**What to work on:** How do the lines below between the ones holding "Nồi Nướng Lẩu" and "Luggage Strolley Leather", inclusive, read? Give them again exactly, with no other lines.

**Material for the task:**

* * * * * * * * *

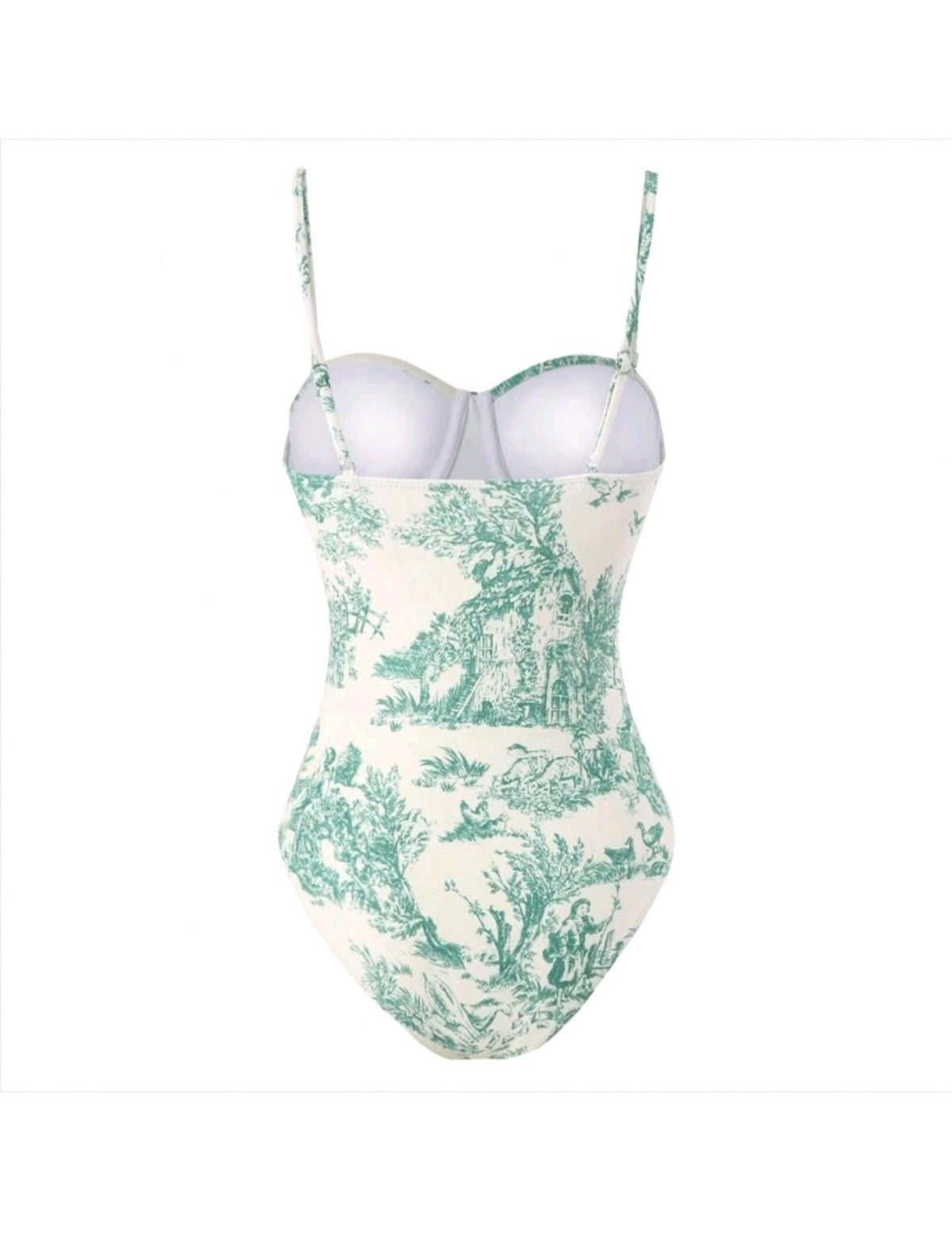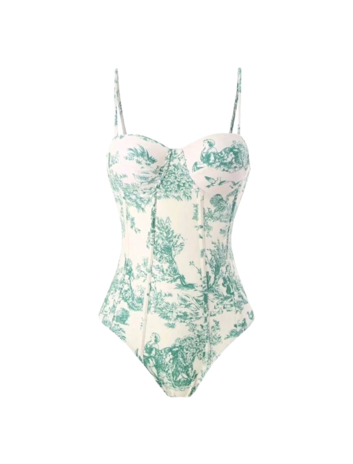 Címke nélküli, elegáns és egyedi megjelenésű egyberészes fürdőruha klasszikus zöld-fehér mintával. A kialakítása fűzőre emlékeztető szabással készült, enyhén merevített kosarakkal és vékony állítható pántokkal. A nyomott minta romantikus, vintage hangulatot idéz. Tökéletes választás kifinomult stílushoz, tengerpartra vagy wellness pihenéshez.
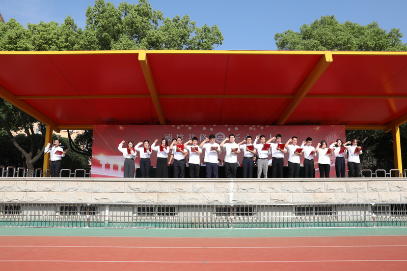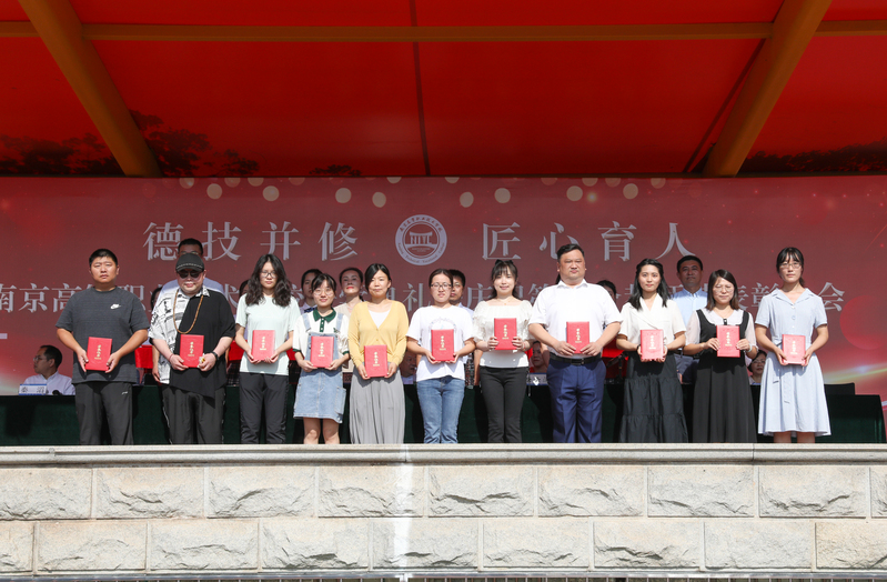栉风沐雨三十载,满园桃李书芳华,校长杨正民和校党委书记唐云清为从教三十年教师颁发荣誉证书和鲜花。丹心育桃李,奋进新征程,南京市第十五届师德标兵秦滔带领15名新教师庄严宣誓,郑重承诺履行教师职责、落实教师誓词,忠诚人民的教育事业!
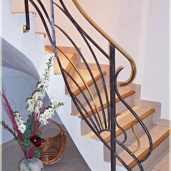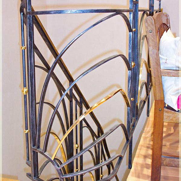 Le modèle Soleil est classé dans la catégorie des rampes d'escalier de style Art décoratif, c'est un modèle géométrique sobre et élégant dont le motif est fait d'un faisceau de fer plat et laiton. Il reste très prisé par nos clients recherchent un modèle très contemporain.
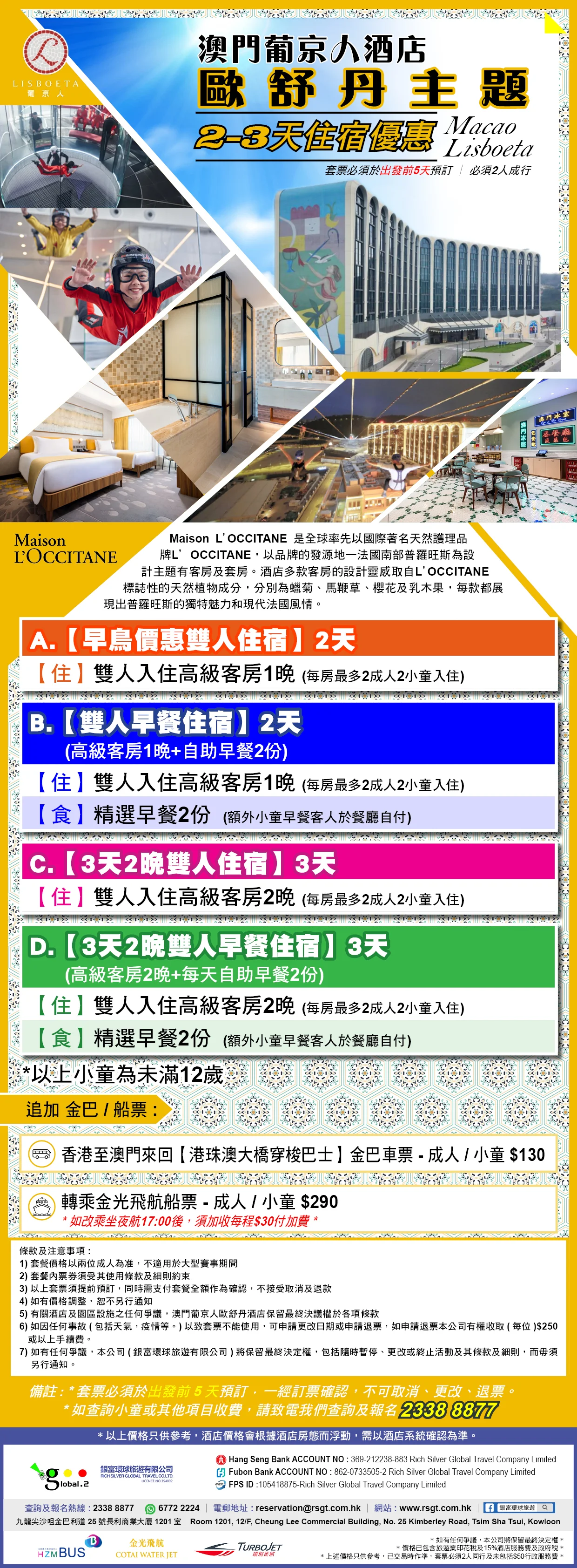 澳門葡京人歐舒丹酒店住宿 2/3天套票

* * * * * * * * *

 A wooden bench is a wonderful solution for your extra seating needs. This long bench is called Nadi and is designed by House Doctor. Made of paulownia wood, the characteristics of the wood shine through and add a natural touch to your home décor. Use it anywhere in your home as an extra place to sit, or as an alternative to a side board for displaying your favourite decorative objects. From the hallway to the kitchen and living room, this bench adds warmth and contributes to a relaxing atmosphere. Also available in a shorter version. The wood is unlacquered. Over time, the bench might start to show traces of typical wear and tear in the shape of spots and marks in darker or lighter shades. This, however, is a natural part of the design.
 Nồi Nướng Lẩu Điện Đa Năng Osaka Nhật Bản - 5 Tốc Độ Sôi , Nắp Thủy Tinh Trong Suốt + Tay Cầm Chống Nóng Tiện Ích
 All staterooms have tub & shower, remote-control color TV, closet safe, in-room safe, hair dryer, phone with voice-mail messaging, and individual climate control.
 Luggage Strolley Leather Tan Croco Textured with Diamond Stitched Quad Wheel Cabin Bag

* * * * * * * * *

**Your response:**
 Nồi Nướng Lẩu Điện Đa Năng Osaka Nhật Bản - 5 Tốc Độ Sôi , Nắp Thủy Tinh Trong Suốt + Tay Cầm Chống Nóng Tiện Ích
 All staterooms have tub & shower, remote-control color TV, closet safe, in-room safe, hair dryer, phone with voice-mail messaging, and individual climate control.
 Luggage Strolley Leather Tan Croco Textured with Diamond Stitched Quad Wheel Cabin Bag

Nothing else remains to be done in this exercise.